• # question_answer State Gauss's law in electrostatics. Using this law, derive an expression for the electric field due to a uniformly charged infinite plane sheet.

Gauss's law states that the total electric flux linked with a closed surface is equal to $1/{{\varepsilon }_{0}}$ times total charge, enclosed by that closed (Gaussian) surface, i.e. ${{\phi }_{E}}=\oint{E\cdot dS=\frac{{{q}_{in}}}{{{\varepsilon }_{0}}}}$ where, ${{q}_{in}}$= total charge inside the closed (Gaussian) surface Let us consider, a large plane sheet of charge having surface charge density $\sigma .$ Let electric field is to be obtained at a point P at a distance r from it. It is obvious that Gaussian surface will be a cylinder of cross-sectional area A and length 2r with its axis perpendicular to plane sheet of charge.

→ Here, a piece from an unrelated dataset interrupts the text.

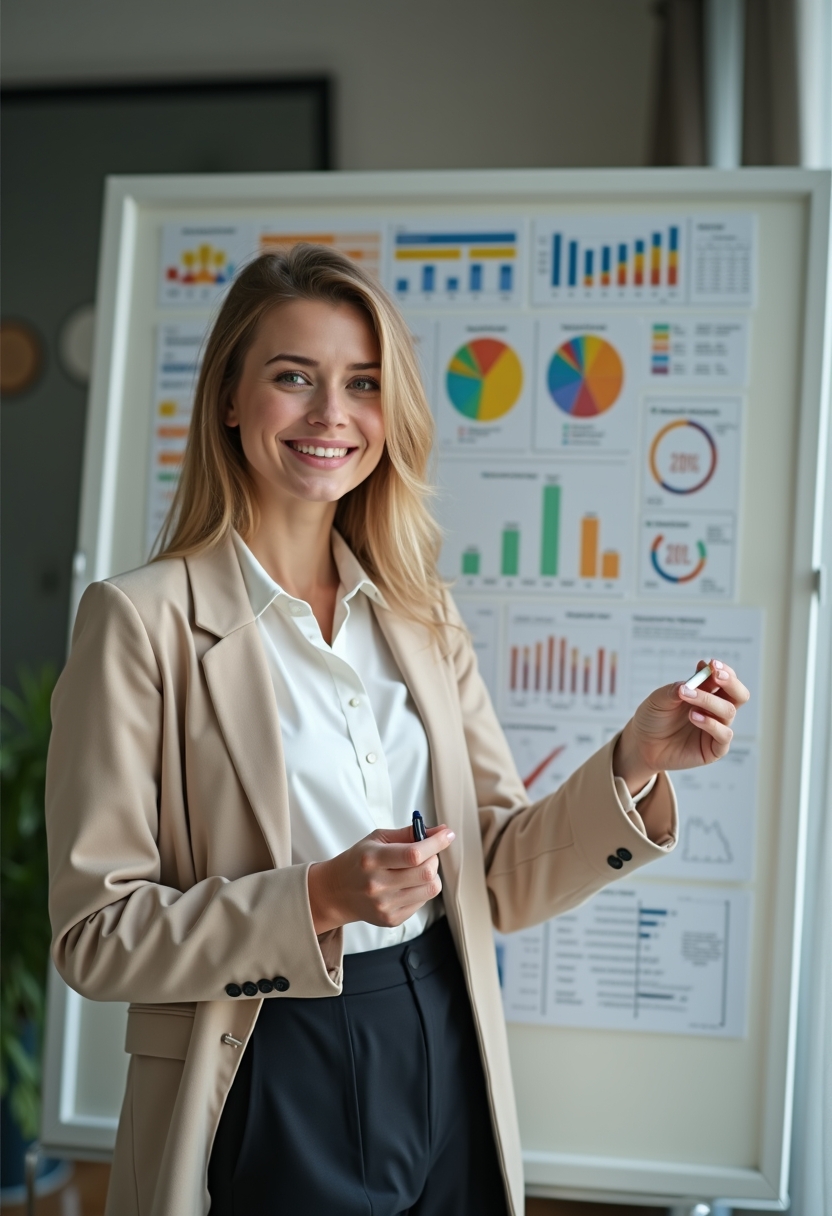 Женщина в светло-бежевом жакете и тёмных брюках стоит у офисной доски с графиками, в руке держит маркер. Она улыбается, смотря в камеру, позади — деловой интерьер. Крупный план.
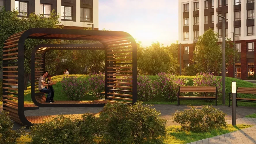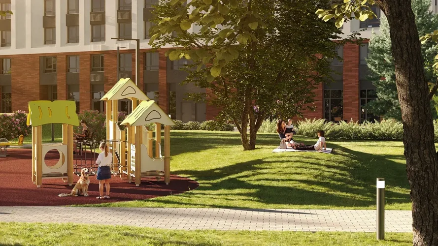 В распоряжении жителей — благоустроенные дворы без автомобилей, современные детские и спортивные площадки и отапливаемые подземные паркинги

Now, applying Gauss's law over the closed Gaussian surface,             $\oint_{S}{E\cdot dS}=\frac{q}{{{\varepsilon }_{0}}}\Rightarrow \int_{caps}{E.dS}+\int_{CSA}{E\cdot dS}=\frac{q}{{{\varepsilon }_{0}}}$ Note Closed cylinder comprises of two caps and Curved Surface Area (CSA). $\int_{caps}{E\,dS\cos 0{}^\circ +\int_{CSA}{E\,dS}\cos 90{}^\circ =\frac{q}{{{\varepsilon }_{0}}}}$ (At caps E and dS are along the same direction whereas $CSA\,E\bot dS$) $\therefore$      $E\int_{caps}{dS=\frac{q}{{{\varepsilon }_{0}}}\Rightarrow E\times 2A=\frac{q}{{{\varepsilon }_{0}}}}$ $\Rightarrow$   $E=\frac{q}{2A{{\varepsilon }_{0}}}=\frac{\sigma }{2{{\varepsilon }_{0}}}$     $\left[ \because \sigma =\frac{q}{A} \right]$ The direction of E is normal to plane sheet and directed away from sheet (when charge on plate is positive and vice-versa).